Ida leaned over her shoulder and murmured:

"You are not a girl who needs to be hidden.You are the kind of storm a fjord holds its breath for."

Astrid closed the book.

"Who wrote that?" she asked.

Ida touched her neck. "You did. Just now. I heard it in you."

That evening, Astrid lit candles in every room of the cottage. She ran her fingers along the window frames, breathed in the old smoke and dust of a house once silenced by loneliness.

Then, on impulse, she opened the cellar door.

The air that greeted her was cooler — not moldy, not dead. Just waiting.

She descended the stairs, barefoot, and found the small room below not filled with old boxes, but with drawings.

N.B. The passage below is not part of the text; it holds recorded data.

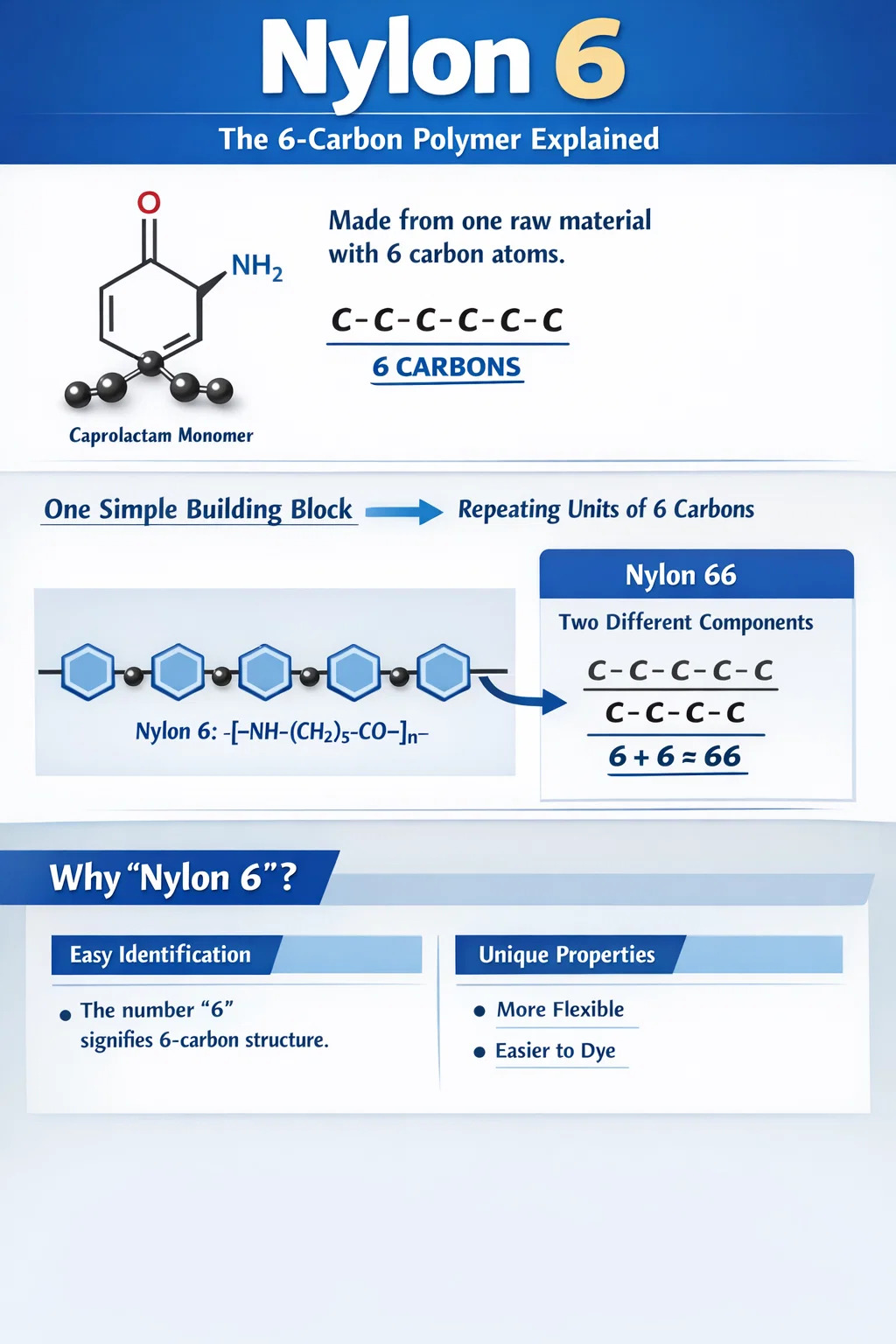 Logika nazewnictwa: Ponieważ tylko te 6 atomów węgla bierze udział w budowie całego długiego łańcucha, dla wygody i łatwości zapamiętywania naukowcy i producenci nazwali go po prostu „Nylonem 6”.
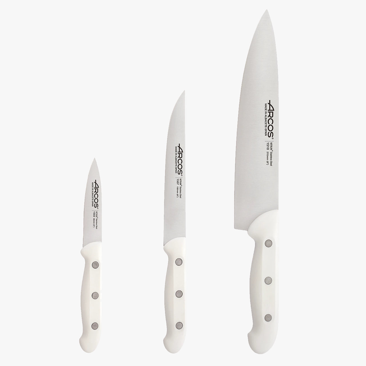 Il Set di Coltelli White Basic di Arcos riunisce tre strumenti essenziali per qualsiasi cucina: un coltello spelucchino da 80 mm, un coltello da cucina da 150 mm e un coltello da cuoco da 215 mm. Progettati e fabbricati da esperti a Albacete, questi coltelli combinano tradizione e tecnologia avanzata per offrire un'esperienza di taglio superiore.
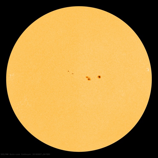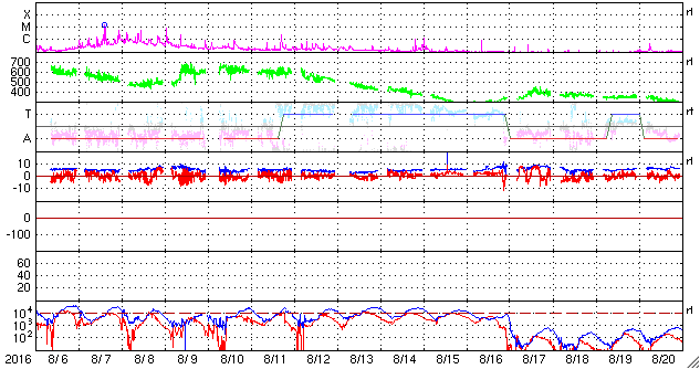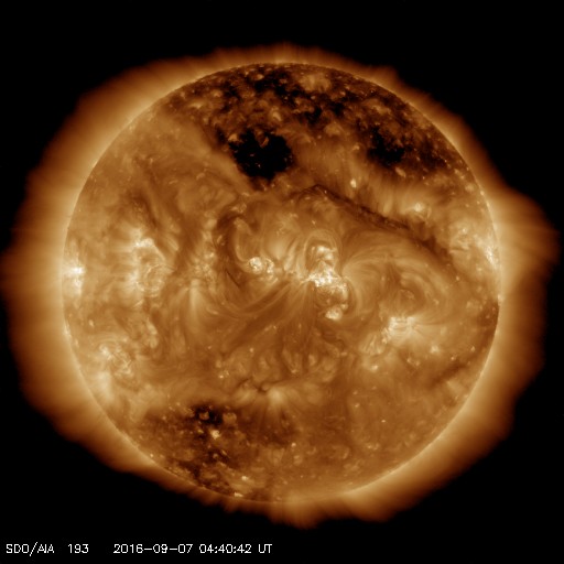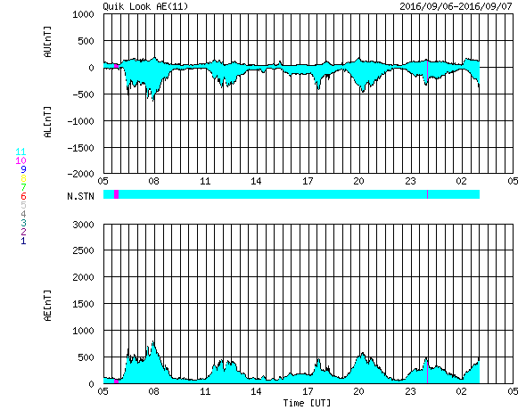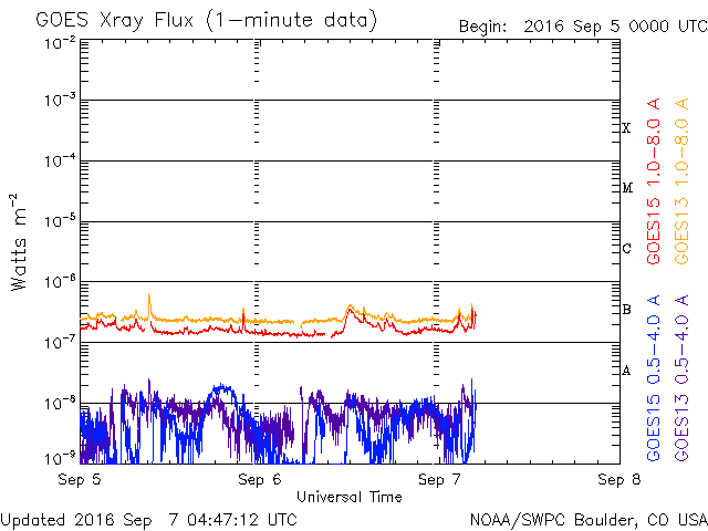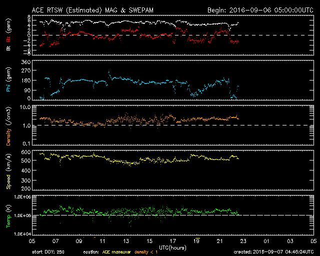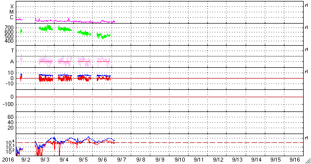 2016/ 9/ 7 13:47 更新 高速の太陽風は続いていますが、ゆっくりと弱まっています。 担当 篠原 太陽風の速度は、500km/秒近くに下がっています。 まだ、時々、550km/秒に上がる変化も見られますが、 高速太陽風は、次第に勢いを失っています。 磁場強度は、4〜5nT付近で推移しています。 変化がゆっくりなので目立ちませんが、 磁場強度もゆっくりと下がってきています。 磁場の南北成分は、南北両方に変化しています。 このため、磁気圏も活動的な状態が続いていて、 AE指数のグラフは、変化は次第に小規模になっていますが、 500nT前後の変化が繰り返し発生しています。 27日周期の図の前周期のように、 太陽風の高まりは、2〜3日程度で終わりを迎えそうです。 太陽は、2585群の左に、2588黒点群が出現しています。 フレアの発生は特になく、太陽は穏やかです。 放射線帯の高エネルギー電子は、高まった状態が続いていますが、 GOES15(青線)は、100,000の線を割っていて、 低下が始まっています。 太陽風が落ち着いてくると、ゆっくりと減少を続けます。
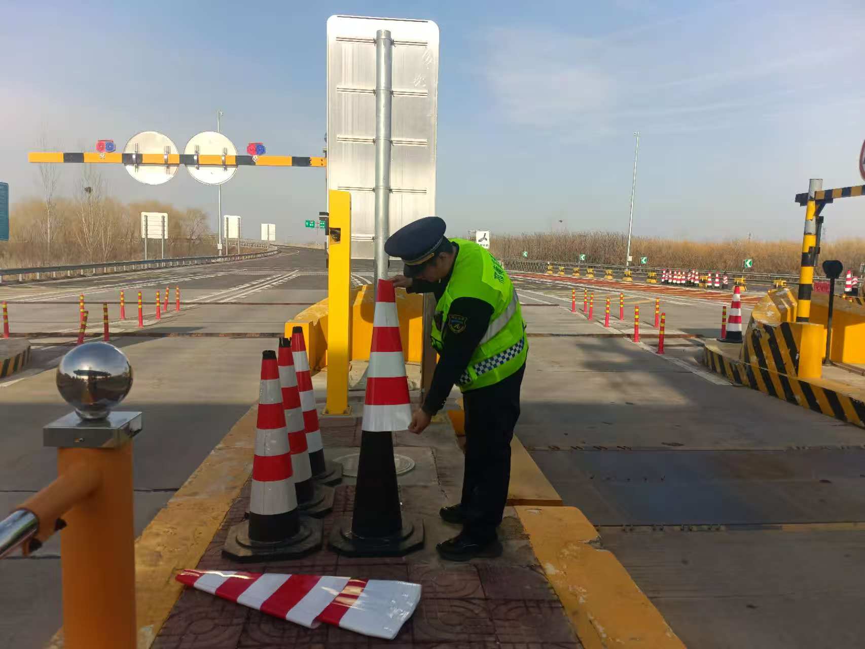 當(dāng)班班長第一時間向值班站長匯報情況,并快速組織班組人員籌備全新反光錐及相關(guān)安全警示器材。作業(yè)前,工作人員嚴格遵照安全作業(yè)規(guī)范,清晰劃分作業(yè)區(qū)域與行車區(qū)域,全力保障更換過程中人員與車輛安全。隨后,班長帶領(lǐng)班組人員分工協(xié)作、密切配合,對全站所有車道及廣場區(qū)域的反光錐進行逐一排查,將破損、反光效果不達標的錐桶統(tǒng)一更換。全新反光錐按標準間距整齊擺放,清晰醒目,切實發(fā)揮出車道隔離、安全警示的關(guān)鍵作用。
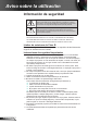 Aviso sobre la utilización Información de seguridad El símbolo de rayo dentro de un triángulo equilátero pretende alertar al usuario de la existencia de “voltaje peligroso” no aislado en el interior del producto, cuya magnitud puede ser lo suficientemente grande como para constituir un riesgo de descarga eléctrica para las personas.
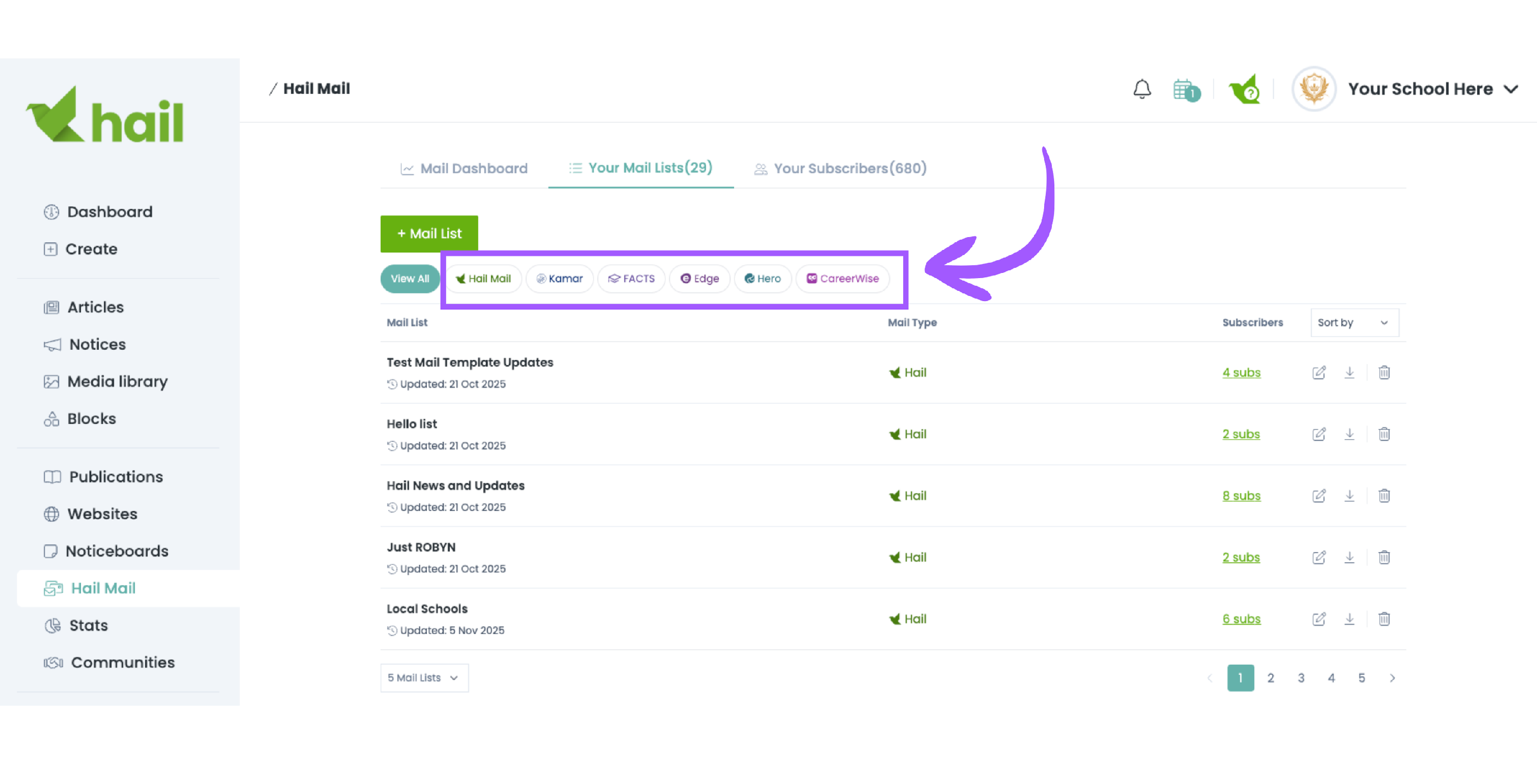 If your organisation uses a Student Management System (SMS) or other integrated platform, those subscriber lists automatically appear within your Hail Mail account. These lists sync contact information directly from your SMS provider — saving you from manual data entry and keeping information up to date automatically.
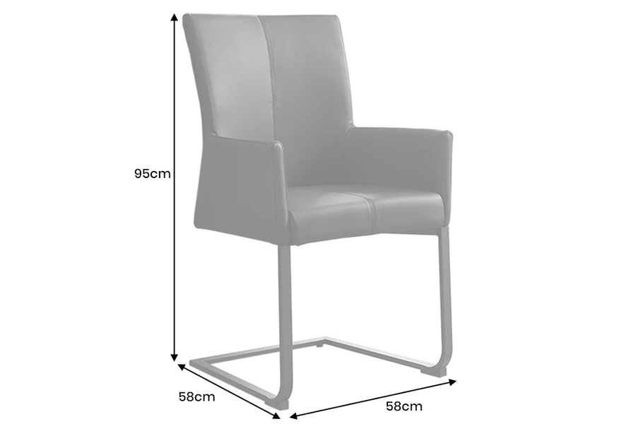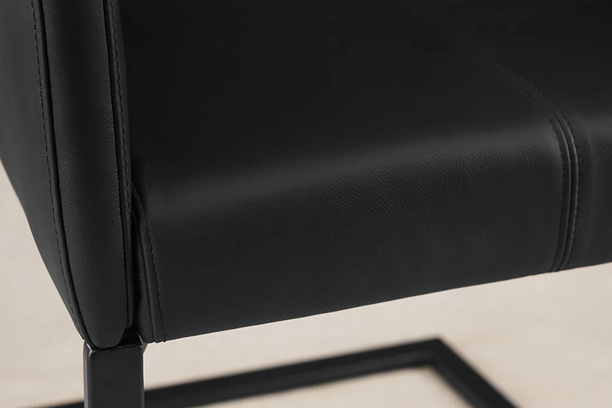 Sedacia časť je potiahnutá pravou kožou v čiernej farbe, ktorá pôsobí luxusne, profesionálne a zároveň je veľmi praktická. Koža sa jednoducho udržiava a je odolná voči opotrebeniu, čo z nej robí skvelú voľbu pre každodenné využívanie. Pevné čierne kovové nohy v cantilever štýle dodávajú stoličke nielen moderný vzhľad, ale aj pružnosť a stabilitu. Pri sedení poskytuje jemný kývavý efekt, ktorý zvyšuje komfort najmä pri dlhšom sedení.
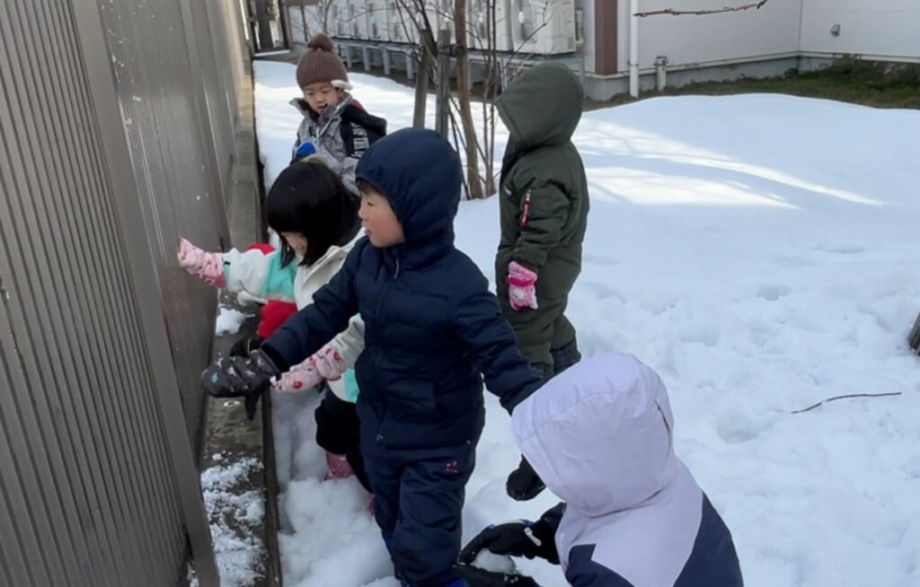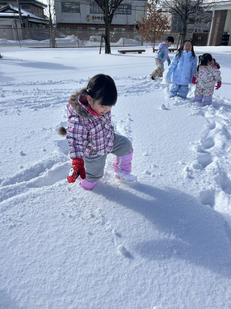 雪が降る短い期間しか楽しむことのできない雪遊び。冬ならではの遊びを気候や気温など配慮しながら行い、子ども達も存分に楽しみました。
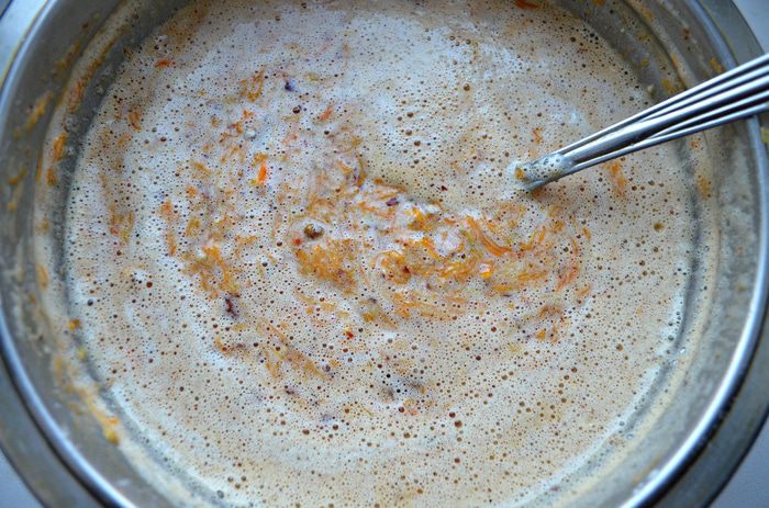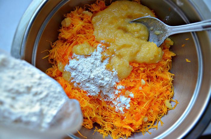 Смешайте муку с разрыхлителем и добавьте в тыквенную массу.

Dozens of charcoal sketches. Pinned to beams. Laid out on workbenches. Bodies. Poses. Lovers. All women.

Some kissed. Some touched. Some danced with shadows around them, blurred limbs and open mouths. The signature on many read: IH.

Inga Hammar.

Astrid felt her knees weaken.

This house had never been just a cottage.

It had been a sanctuary.

A secret archive of a woman's desire — protected, preserved, passed down.

When Astrid returned to her bed that night, she lay with the photograph on her chest and whispered aloud:

"I see you now."

Outside, the fjord rippled once — as if nodding.